- Conference: Independent
- Record: 3–1
- Head coach: William W. Skinner (1st season);
- Captain: Courtland F. Day

= 1900 Arizona football team =

American college football season

The 1900 Arizona football team was an American football team that represented the University of Arizona as an independent during the 1900 college football season. The team did not play any intercollegiate games, compiled a 3–1 record, shut out three of four opponents, and outscored all opponents, 131 to 6. The team's victories came in games against the Tucson Indian School (two games) and a Tucson town team. The loss came against the Phoenix Indian School.

==Schedule==

| Date | Opponent | Site | Result | Attendance | Source |
|---|---|---|---|---|---|
|  | Tucson Indian School | Tucson, Arizona Territory | W 34–0 |  |  |
|  | Tucson town | Tucson, Arizona Territory | W 45–0 |  |  |
| November 17 | Tucson Indian School | Tucson, Arizona Territory | W 52–0 |  |  |
| November 29 | at Phoenix Indian School | Phoenix park; Phoenix, Arizona Territory; | L 0–6 | 2,500–3,000 |  |

==Personnel==
Ogro Kenneth Dunham, a student in the school's Class of 1903, was the team's instructor when it reported for practice. However, he resigned as instructor to become a player. He was replaced by Professor William W. Skinner who became the coach. The team captain was Courtland F. Day, and Quin Anderson was the manager. Prior to the 1900 season, the team's colors were changed from sage green and silver to blue and cardinal.

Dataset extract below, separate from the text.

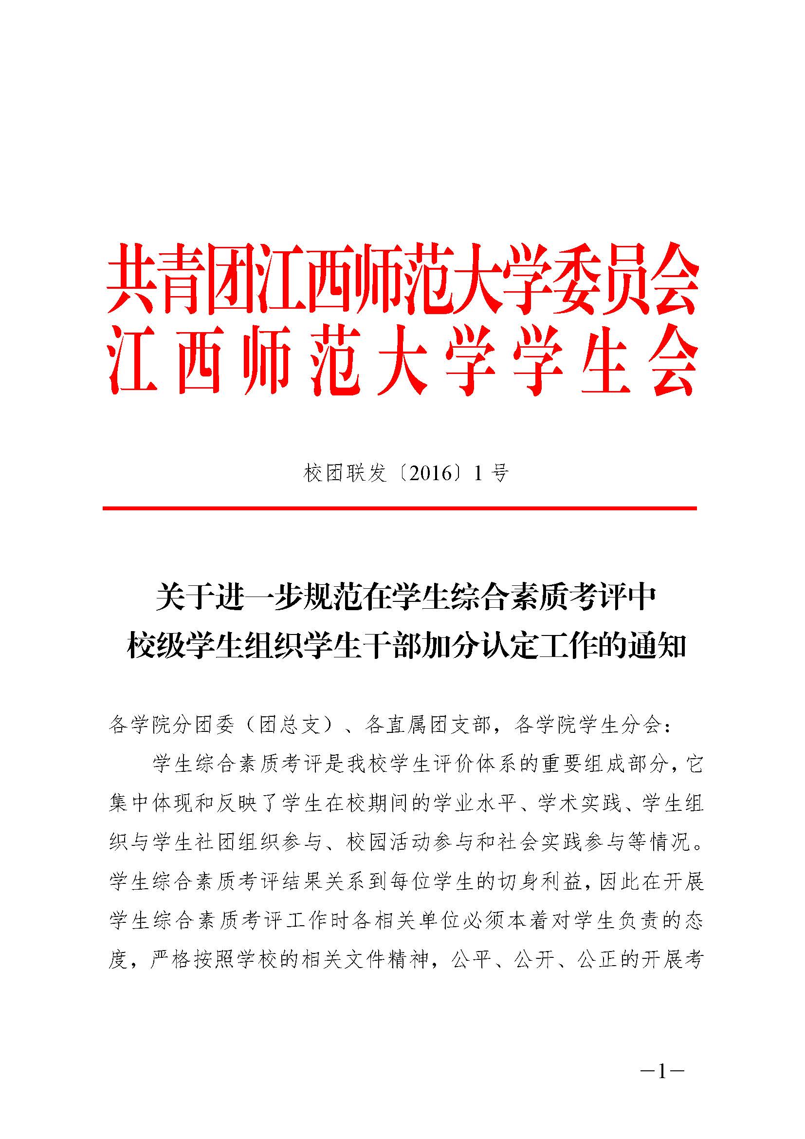 校团联发〔2016〕1号《关于进一步规范在学生综合素质考评中校级学生组织学生干部加分认定工作的通知》

The following players won varsity letters for their participation on the University of Arizona's 1900 football team: Courtland F. Day, Quin Anderson, Ross M. Russell, Edward Stafford, Duncan Hugh Campbell, Bertram Louis Smith, Kirke Tonner Moore, Thomas K. Marshall, J. N. Parker, Benito G. Suarez, George M. Parker, William T. Olney, William Reynolds, Fred Christy, William Marlar, and Leslie Gillett.